Started at 2022-11-14 10:42:52.409883
Load data (train) process took 0:00:01.976014 seconds.


In [5]:
len(np.unique(y_train))

39

In [6]:
print('Distinct types for columns in the Dataframe (should be all float32):')
print(set(X_train.dtypes))

Distinct types for columns in the Dataframe (should be all float32):
{dtype('float32')}


In [7]:
start = datetime.now()
print(f'Started at {start}')

X_validation = pd.read_parquet('../data/data/processed/validation.parquet')
y_validation = pd.read_parquet('../data/data/raw/val_labels.parquet').values.flatten()

y_validation = np.array([x.lower() for x in y_validation])

print(f'Load data (validation) process took {datetime.now() - start} seconds.')

Started at 2022-11-14 10:42:54.583338
Load data (validation) process took 0:00:00.152510 seconds.


In [8]:
start = datetime.now()
print(f'Started at {start}')

X_test = pd.read_parquet('../data/data/processed/test.parquet')
y_test = pd.read_parquet('../data/data/raw/test_labels.parquet').values.flatten()

y_test = np.array([x.lower() for x in y_test])

print(f'Finished at {datetime.now()}, took {datetime.now() - start} seconds')

Started at 2022-11-14 10:42:54.778632
Finished at 2022-11-14 10:42:55.163904, took 0:00:00.385281 seconds


## Initialize the model
Two options:
- Load Sherlock model with pretrained weights
- Fit Sherlock model from scratch

In [9]:
model_id = "retrained_sherlock"

In [10]:
model = SherlockModel()
try:
    model.initialize_model_from_json(with_weights=True, model_id=model_id);
except:
    start = datetime.now()
    print(f'Started at {start}')
    # Model will be stored with ID `model_id`
    model.fit(X_train, y_train, X_validation, y_validation, model_id=model_id)

    print('Trained and saved new model.')
    print(f'Finished at {datetime.now()}, took {datetime.now() - start} seconds')
    model.store_weights(model_id=model_id)

Started at 2022-11-14 10:42:55.235803


2022-11-14 10:42:56.199924: I tensorflow/core/platform/cpu_feature_guard.cc:151] This TensorFlow binary is optimized with oneAPI Deep Neural Network Library (oneDNN) to use the following CPU instructions in performance-critical operations:  SSE4.1 SSE4.2 AVX AVX2 FMA
To enable them in other operations, rebuild TensorFlow with the appropriate compiler flags.
2022-11-14 10:42:56.224990: I tensorflow/core/common_runtime/process_util.cc:146] Creating new thread pool with default inter op setting: 2. Tune using inter_op_parallelism_threads for best performance.
  super(Adam, self).__init__(name, **kwargs)


Epoch 1/10000


W1114 10:42:57.830766 46912499975424 ag_logging.py:142] AutoGraph could not transform <function Model.make_train_function.<locals>.train_function at 0x2aab559bf940> and will run it as-is.
Please report this to the TensorFlow team.
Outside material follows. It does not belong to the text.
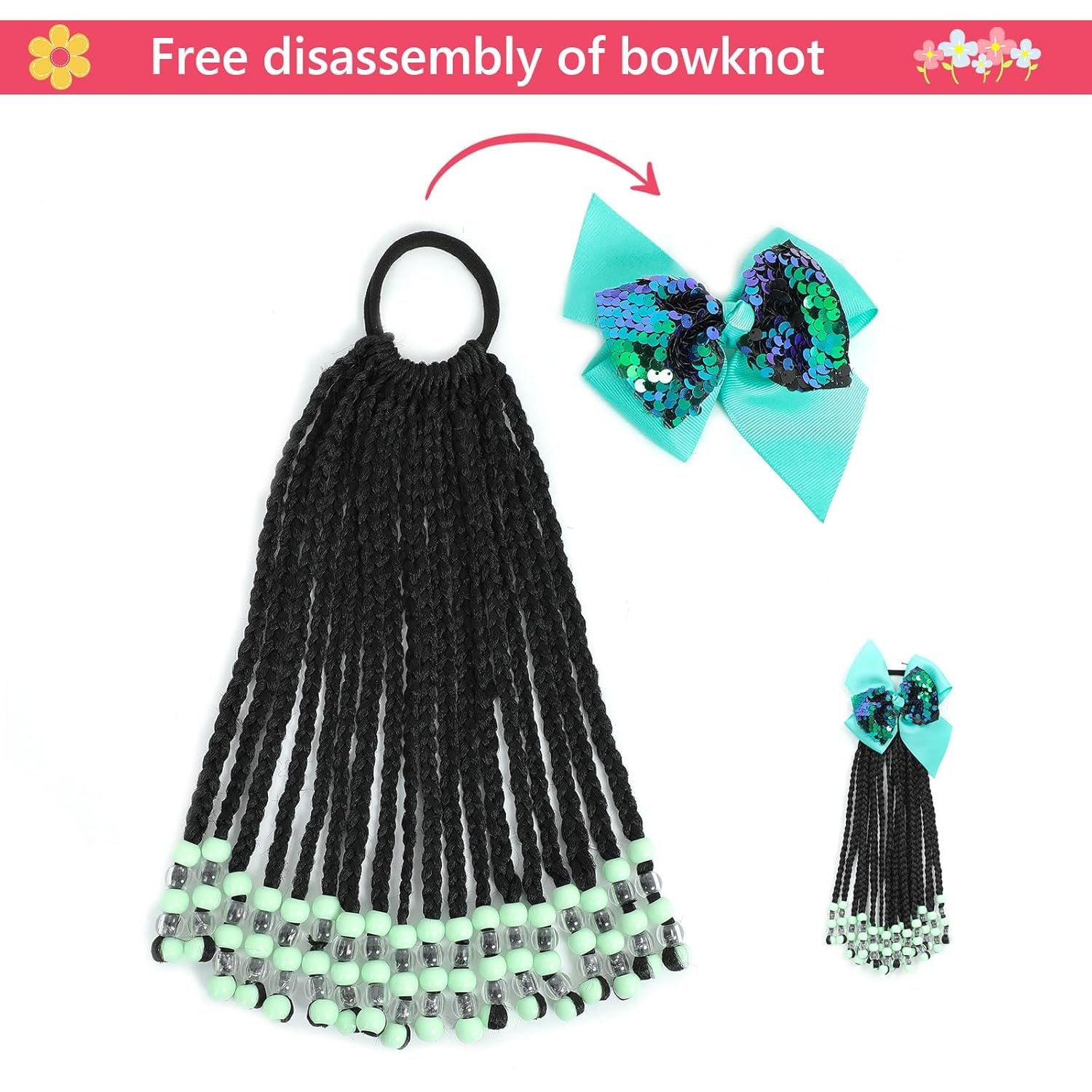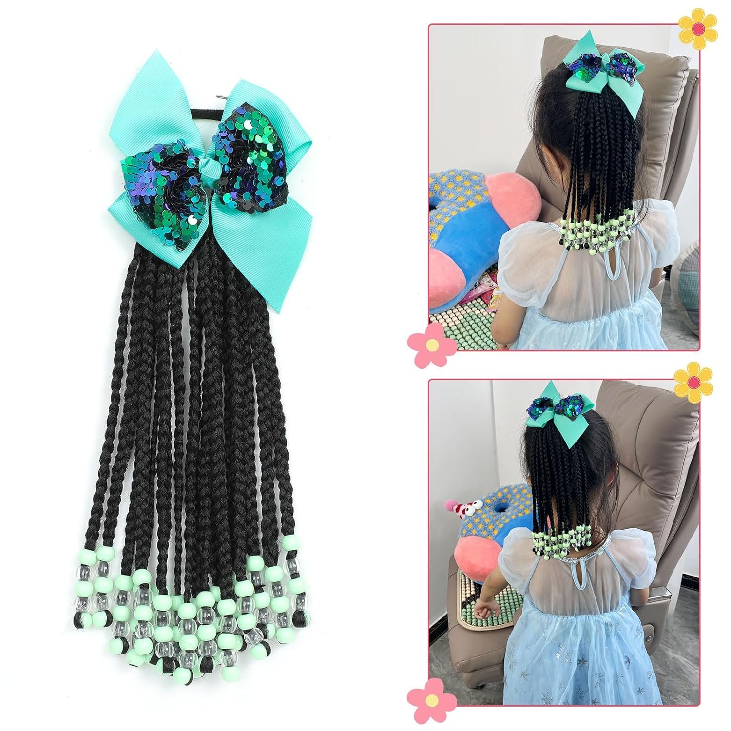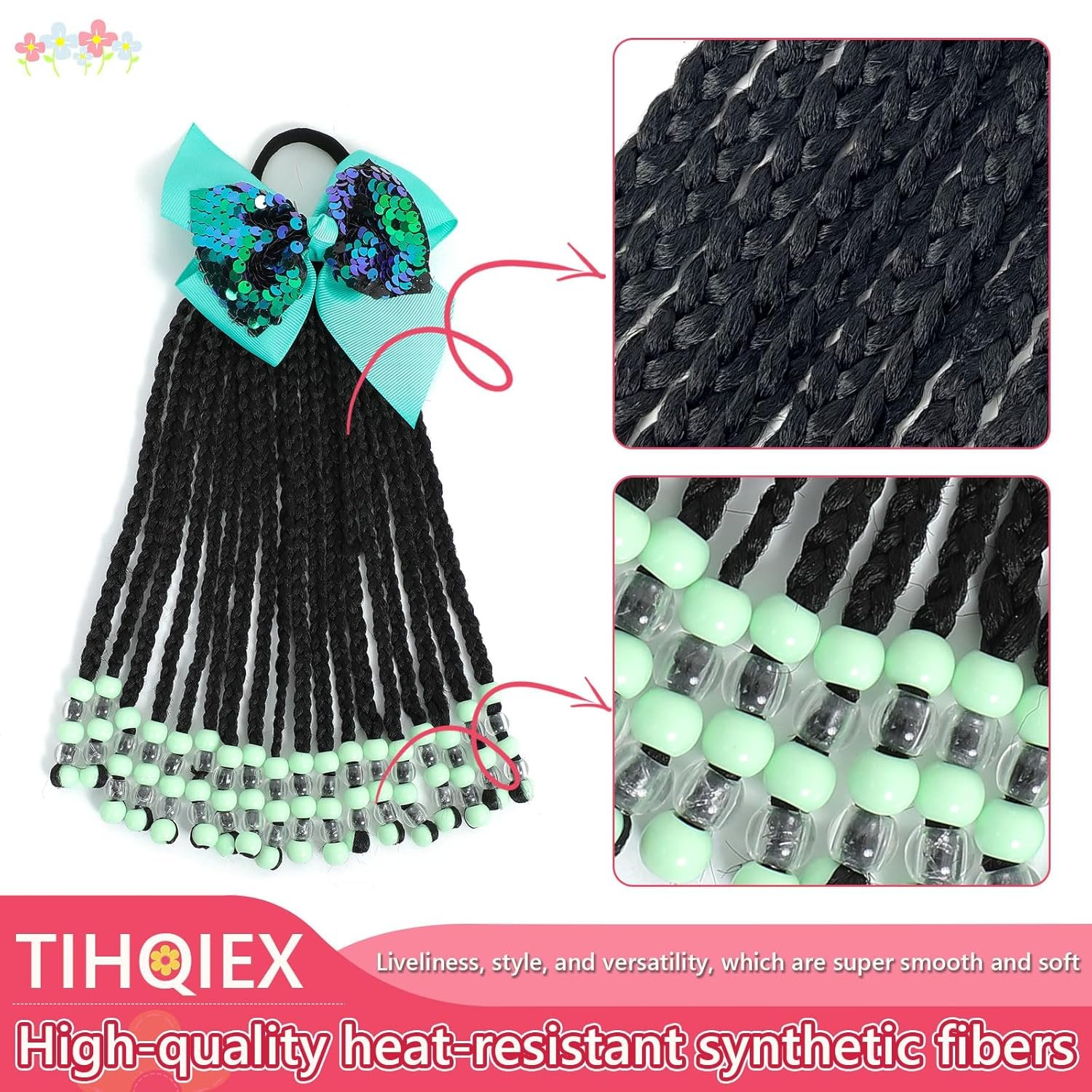 Kids Ponytail Extension High Quality: Made Of High Quality Synthetic Fiber And Soft Elastic Band, The Hair Braids Is Super Silky, Soft And Lightweight, No Tangle, No Shedding. Each Ponytail Has 18 Individual Braids, Each Containing Vibrant Beads That Match The Bow Color.

When filing the bug, set the verbosity to 10 (on Linux, `export AUTOGRAPH_VERBOSITY=10`) and attach the full output.
Cause: module 'gast' has no attribute 'Constant'


Please report this to the TensorFlow team. When filing the bug, set the verbosity to 10 (on Linux, `export AUTOGRAPH_VERBOSITY=10`) and attach the full output.
Cause: module 'gast' has no attribute 'Constant'

W1114 10:43:04.295014 46912499975424 ag_logging.py:142] AutoGraph could not transform <function Model.make_test_function.<locals>.test_function at 0x2aab571bddc0> and will run it as-is.
Please report this to the TensorFlow team. When filing the bug, set the verbosity to 10 (on Linux, `export AUTOGRAPH_VERBOSITY=10`) and attach the full output.
Cause: module 'gast' has no attribute 'Constant'


Please report this to the TensorFlow team. When filing the bug, set the verbosity to 10 (on Linux, `export AUTOGRAPH_VERBOSITY=10`) and attach the full output.
Cause: module 'gast' has no attribute 'Constant'
Epoch 2/10000
Epoch 3/10000
Epoch 4/10000
Epoch 5/10000
Epoch 6/10000
Epoch 7/10000
Epoch 8/10000
Epoch 9/10000
Epoch 10/10000
Epoch 11/10000
Epoch 12/10000
Epoch 13/10000
Epoch 14/10000
Epoch 15/10000
Epoch 16/10000
Epoch 17/10000
Epoch 18/10000
Epoch 19/10000
Epoch 20/10000
Epoch 21/10000
Epoch 22/10000
Epoch 23/10000
Epoch 24/10000
Epoch 25/10000
Epoch 26/10000
Epoch 27/10000
Epoch 28/10000
Epoch 29/10000
Epoch 30/10000
Epoch 31/10000
Epoch 32/10000
Trained and saved new model.
Finished at 2022-11-14 10:45:50.698073, took 0:02:55.462283 seconds


In [11]:
predicted_labels = []

### Make prediction

In [12]:
predicted_labels = model.predict(X_test, model_id)
predicted_labels = np.array([x.lower() for x in predicted_labels])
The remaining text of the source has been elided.